Example 4: Principal Paid Across Every Year of a Loan
Let’s build a year-by-year breakdown by referencing a period column and filling PPMT down.
Below is the dataset. Column A lists the period numbers 1 through 4 (one row per year), and column B is where the principal payment will be calculated. The loan is 5000 dollars at 8 percent over 4 years.
I want to see the principal portion grow row by row, one entry per year.

Here is the formula:
=ROUND(PPMT(0.08, A2, 4, 5000), 2)

The formula is filled down from B2 to B5. The period argument is A2, which adjusts automatically to A3, A4, and A5 as you copy the formula down. The rate, total periods, and loan amount stay constant.
The principal portion climbs each year. Across all four payments, the absolute principal portions sum to 5000, which is exactly the loan amount. That’s the math working out: by the final payment, the loan balance has been fully cleared.
Tips & Common Mistakes
- Match the time unit of rate and periods. For a monthly schedule, divide the annual rate by 12 and multiply the years by 12. For yearly payments, leave both alone. Skipping this is the single biggest source of wrong PPMT answers.

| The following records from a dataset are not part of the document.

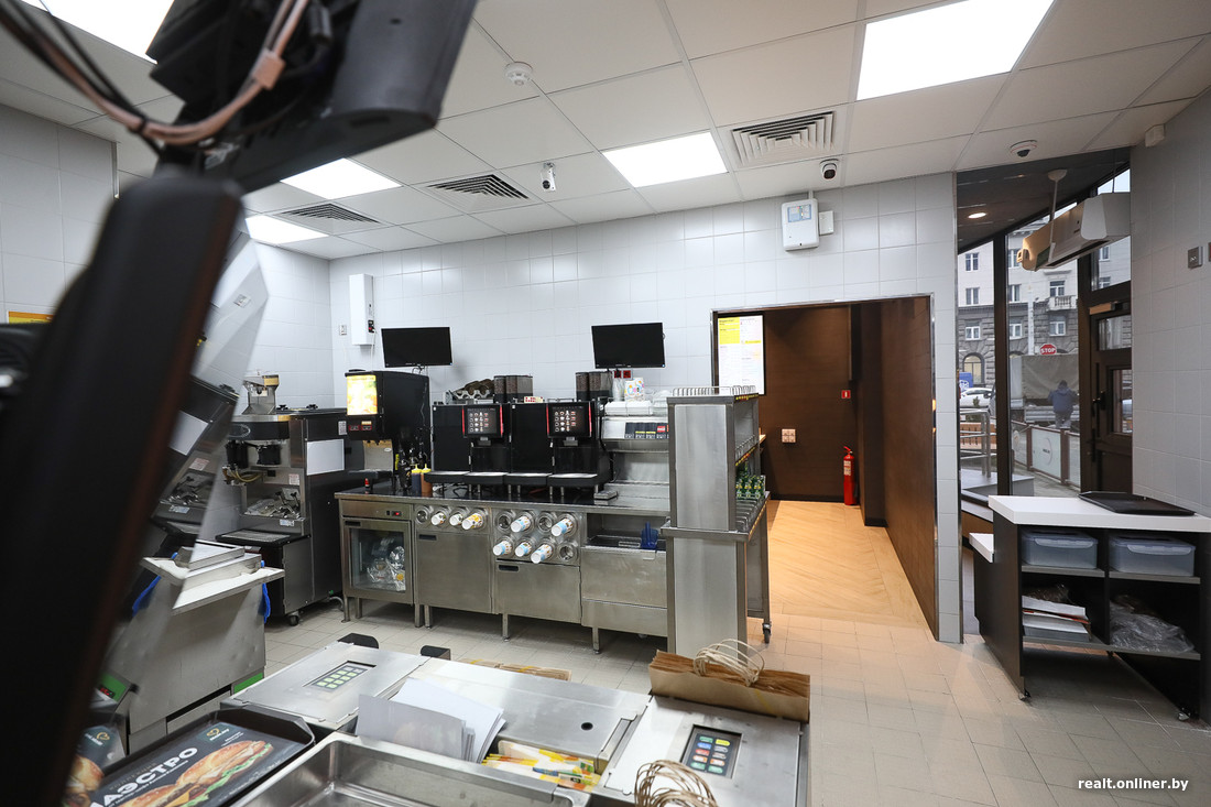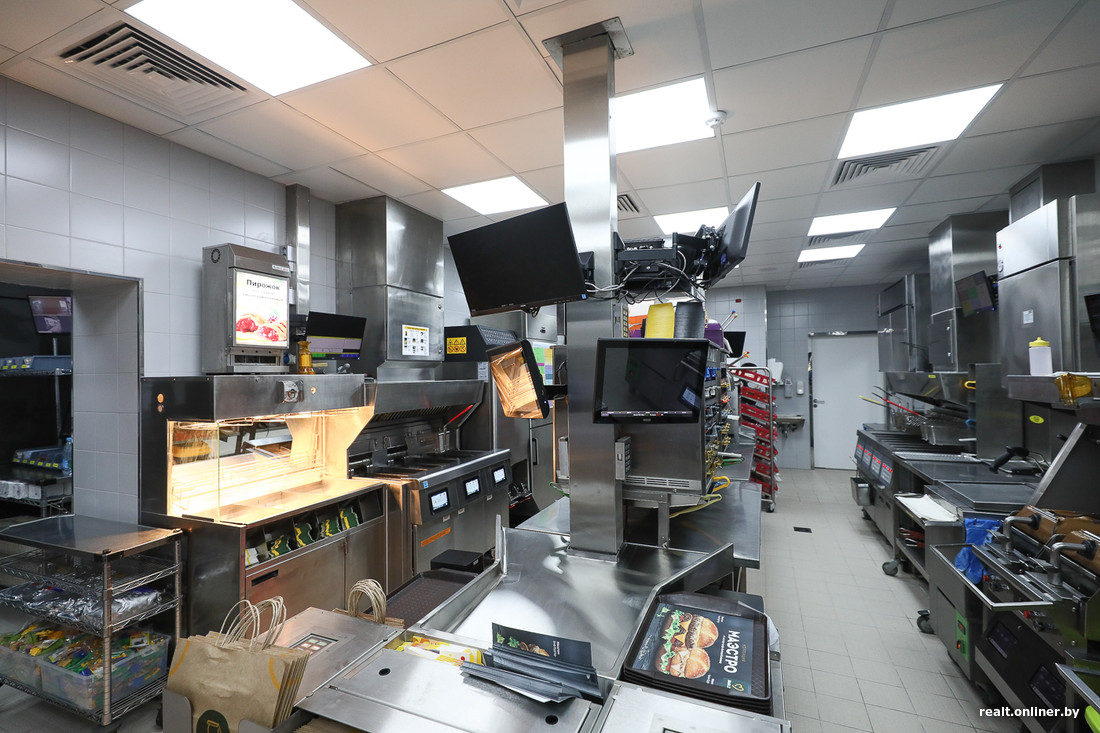 Прилавок, где раньше гости совершали и забирали заказы, теперь разделен на отдельные зону выдачи и зону с кассами, что позволило расширить территорию кухни — у сотрудников появилось больше рабочего пространства. Кроме того, в ресторане обновили оборудование для приготовления еды: установили новые грили для жарки котлет и современные фритюрницы, в которых готовятся картофель, наггетсы, стрипсы и другие продукты из курицы.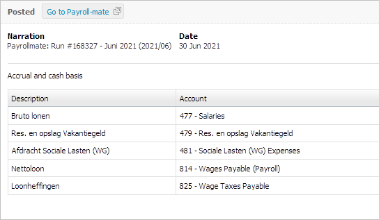 Payrollmate connects directly to your Nmbrs administration and compacts your payroll journals, ready for your review.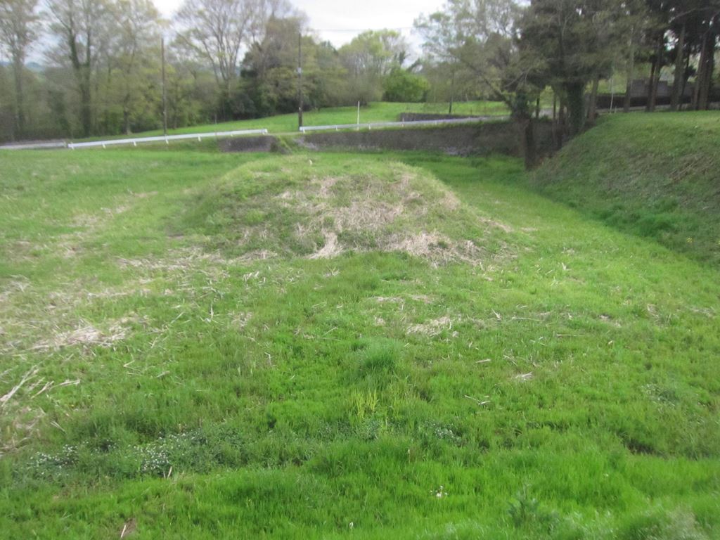 「おくり泉水」の半分を「土塁」で分けている。ここには弁天様の社があった。写真の盛り上がっている部分がそこになる。

- The period must be between 1 and the total number of periods. PPMT returns a #NUM! error if you pass a period of 0, a negative period, or a period larger than the loan term. Use IF function to guard the call if the period comes from a user input.
- PPMT returns a negative number on purpose. Sheets uses the cash-flow convention where money you pay out is negative. Wrap PPMT in ABS if you want a positive display, or pass a negative loan amount if you’d rather see positive payment values.
PPMT pulls the principal portion of one specific loan payment with a single call. That’s the building block for any amortization schedule you’d want to build.
You’ve now seen it on the first monthly payment, a later month of the same loan, an annual schedule, and a full year-by-year breakdown with a fill-down.